Wi-Fi devices use antennas to exchange wireless signals with other Wi-Fi devices. Wi-Fi devices with multiple antennas are often able to maintain a stable wireless signal, resulting in faster and more reliable communication within a wireless network. Some Wi-Fi devices with multiple antennas can also send and receive multiple signals at the same time, resulting in significantly faster speeds than single antenna Wi-Fi devices.
Wi-Fi devices communicate with each other through radio signals. These signals are subject to interference that can cause the signal to split into multiple paths. Environmental obstacles, such as walls and ceilings, as well as other wireless devices, including cordless phones and microwave ovens, are all sources of interference. As a Wi-Fi signal encounters interference and splits into multiple paths, the quality of its signal decreases and becomes more difficult for the receiving device to interpret. The signal on the shortest path will arrive at the receiving device before the other signals, and will typically have the least signal distortion. In some cases, the best signal will not reach the receiving device's antenna due to local interference. Single-antenna Wi-Fi devices must settle for the weaker or more distorted single that manages to reach the device's antenna.
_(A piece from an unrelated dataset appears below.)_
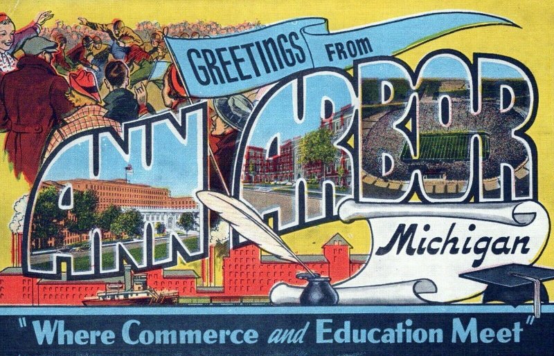 MI, Ann Arbor, Midhigan Linen Large Letter Postcard, Kropp
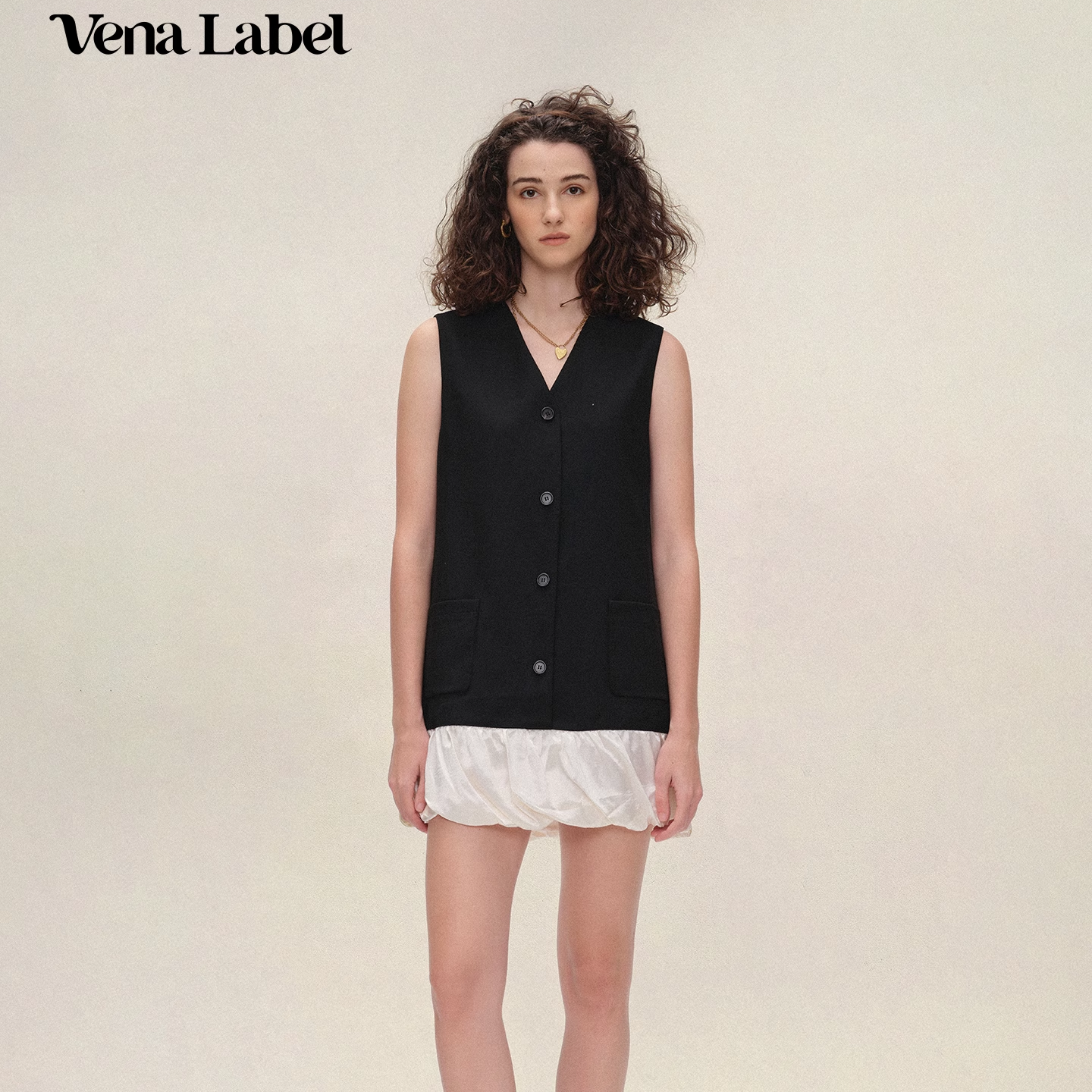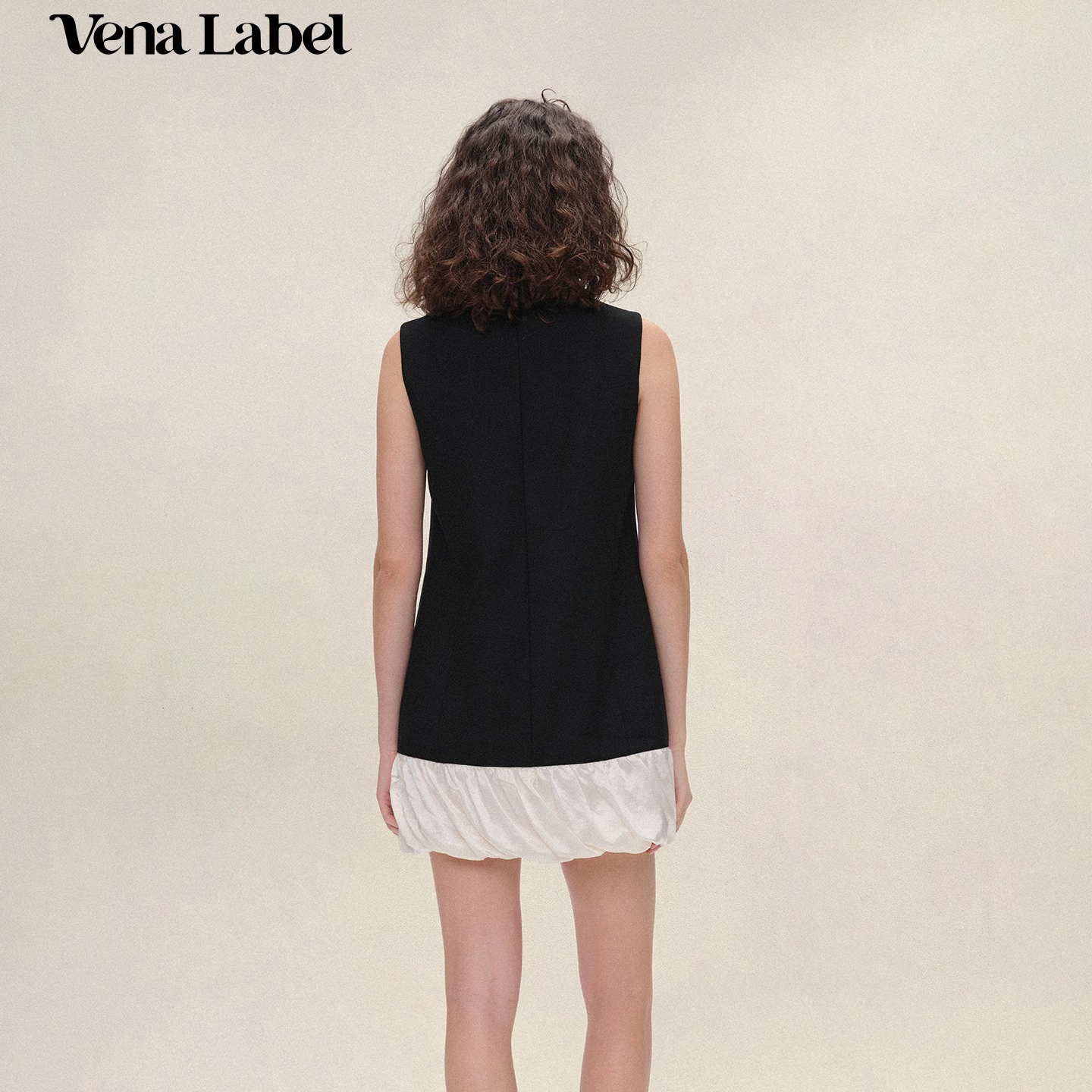 Vena Label 25FW新款法式拼接撞色花苞A字裙V领无袖连衣裙女

Wi-Fi devices with two antennas have an increased chance of receiving a signal with minimal distortion. Wi-Fi devices that use two or more antennas are said to have antenna diversity. On simple devices, only one antenna is used at a time for transmitting or receiving signals. The router automatically determines what antenna is receiving the strongest signal and uses that antenna to receive the current signal and broadcast a response signal.
Multiple Input/Multiple Output
Multiple Input/Multiple Output (MIMO) Wi-Fi devices feature multiple antennas that can be used at the same time for increased transmission speed. For example, a computer with a MIMO Wi-Fi networking card with two antennas can receive two transmissions from a MIMO router with at least two antennas. A wireless network in which only one device features two antennas can still benefit due to antenna diversity. If the network only has one MIMO device, the network's signal quality will increase due to antenna diversity, but it will not receive the speed benefits of MIMO.
A network's environment is the main determining factor behind the difference in speed between a Wi-Fi network with antenna diversity and a Wi-Fi network without it. If two Wi-Fi devices are in use in an open space with little to no interference, neither device needs to have antenna diversity, because both devices are likely to receive a strong signal. A Wi-Fi device with two antennas will show a greater improvement over a device with a single antenna in environments with larger levels of interference. MIMO devices will always show a speed improvement when used with other MIMO devices, even in areas with low interference. For example, a MIMO Wi-Fi device that can send data over a single antenna at speeds up to 300 megabits per second could send data at up to 600 Mbps if it is transmitting to another MIMO device.